Van Houten Jury Hears Manson Tape
Tuesday, June 28th, 1977
LOS ANGELES, Jun. 28 – After more than two months of testimony that has almost always focused on Charles Manson, the jury in the retrial of Leslie Van Houten heard the voice of Manson himself Monday.
What the jurors heard was a tape recording of Manson being interviewed by Dr. Joel Fort, a San Francisco psychiatrist called by Dep. Dist. Atty. Stephen Kay as a prosecution rebuttal witness.
The jurors last week listened to Fort’s version of what Manson said about Miss Van Houten but her defense attorney, Maxwell Keith, asked that the tape be played so they could hear it from Manson himself.

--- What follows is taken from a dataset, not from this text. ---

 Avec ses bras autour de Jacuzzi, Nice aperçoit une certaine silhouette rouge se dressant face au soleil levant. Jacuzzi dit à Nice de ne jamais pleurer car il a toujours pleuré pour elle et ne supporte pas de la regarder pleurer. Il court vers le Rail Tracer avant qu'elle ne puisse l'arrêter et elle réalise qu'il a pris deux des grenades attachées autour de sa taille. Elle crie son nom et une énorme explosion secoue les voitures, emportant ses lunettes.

Fort led off the two-hour interview, which took place last March at Folsom Prison, by saying to Manson:
“Miss Van Houten says it’s all your fault. Her attorney says that she didn’t have anything to do with it and was just a robot. And I don’t feel that is an adequate explanation. So I came here to give you a fair chance to present your point of view.”

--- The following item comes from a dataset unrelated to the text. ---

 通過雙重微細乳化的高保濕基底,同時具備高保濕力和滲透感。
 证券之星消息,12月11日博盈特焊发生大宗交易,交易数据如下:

Manson denied that he directed Miss Van Houten and two of his followers, Charles (Tex) Watson and Patricia Krenwinkel to kill Rosemary and Leno LaBianca and also denied that he was even at the Los Feliz area residence the night of Aug. 10, 1969, when they were stabbed to death.

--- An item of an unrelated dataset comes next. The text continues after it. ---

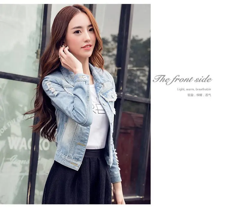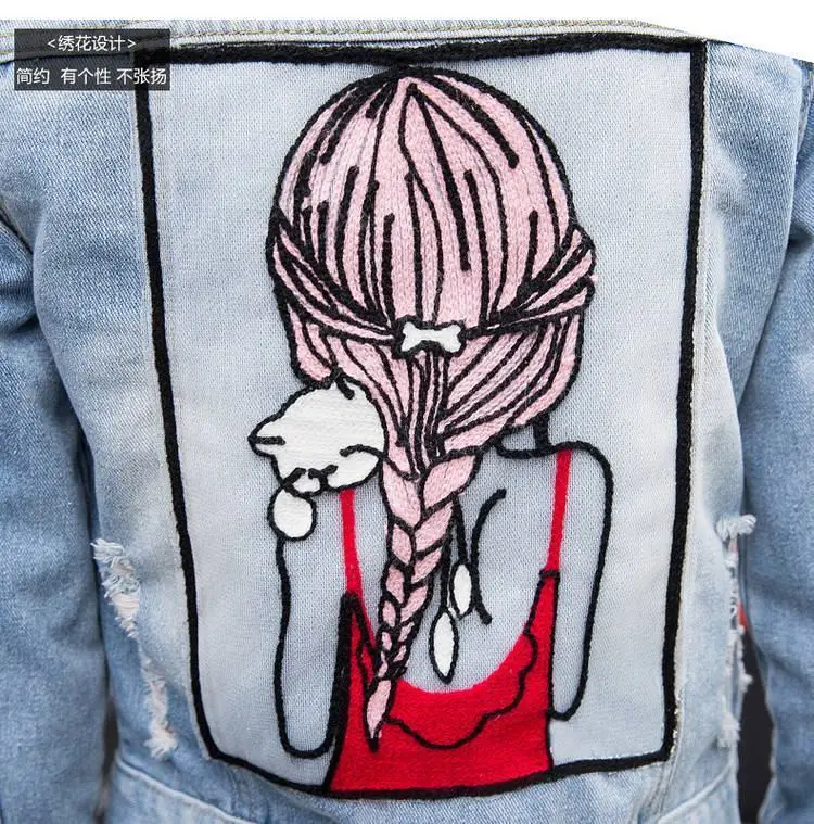 Модные вышитые короткие свободные джинсы для девочек Женские Осенняя куртка

Asked by Fort about how much influence he had over Miss Van Houten, Manson replied:
“People had Leslie Van Houten long before I had her. Her mother had her first, her dad had her, her parents had her, her school had her, TV had her, the movies had her, she was in a convent for a Buddhist, the Buddhists had her.
“And you come up and say, ‘Well you had influence over her,’ Man, I’ve seen the broad only a few times … I never paid that much attention to her … I’m telling you the truth. I never had that much effect on Leslie, because I never — how can one guy have effect over 30 to 50 broads”?
In discussing sexual activities of his group, Manson told Fort, “Ah, my moral fibers are not that of Hustler magazine. My moral fibers are not of the loose and promiscuous nature that they would project upon me.”
Referring to prosecutor Vincent Bugliosi, the 42-year-old cult leader said, “In other words, the district attorney’s sex paranoia would have me doing all kinds of lascivious things because in his lugubrious brain he would be doing these things.”
On the subject of drug taking by himself and his “family,” Manson told Fort:
“I took LSD and it’s heightened my awareness a little bit: made me aware of a few things I already knew. We weren’t all that much into drugs. Everybody’s saying we were but that’s not the truth. The truth is that we took acid whenever it was around … Sometimes it would be maybe once a week and sometimes once a month … We weren’t into speed or hard drugs. A little hash and a little grass. Just a blaze kind of get-loaded social thing.”
Miss Van Houten is putting forth a “diminished capacity” defense, claiming that her ability to make decisions was severely diminished because of the heavy use of LSD and the domination of Manson.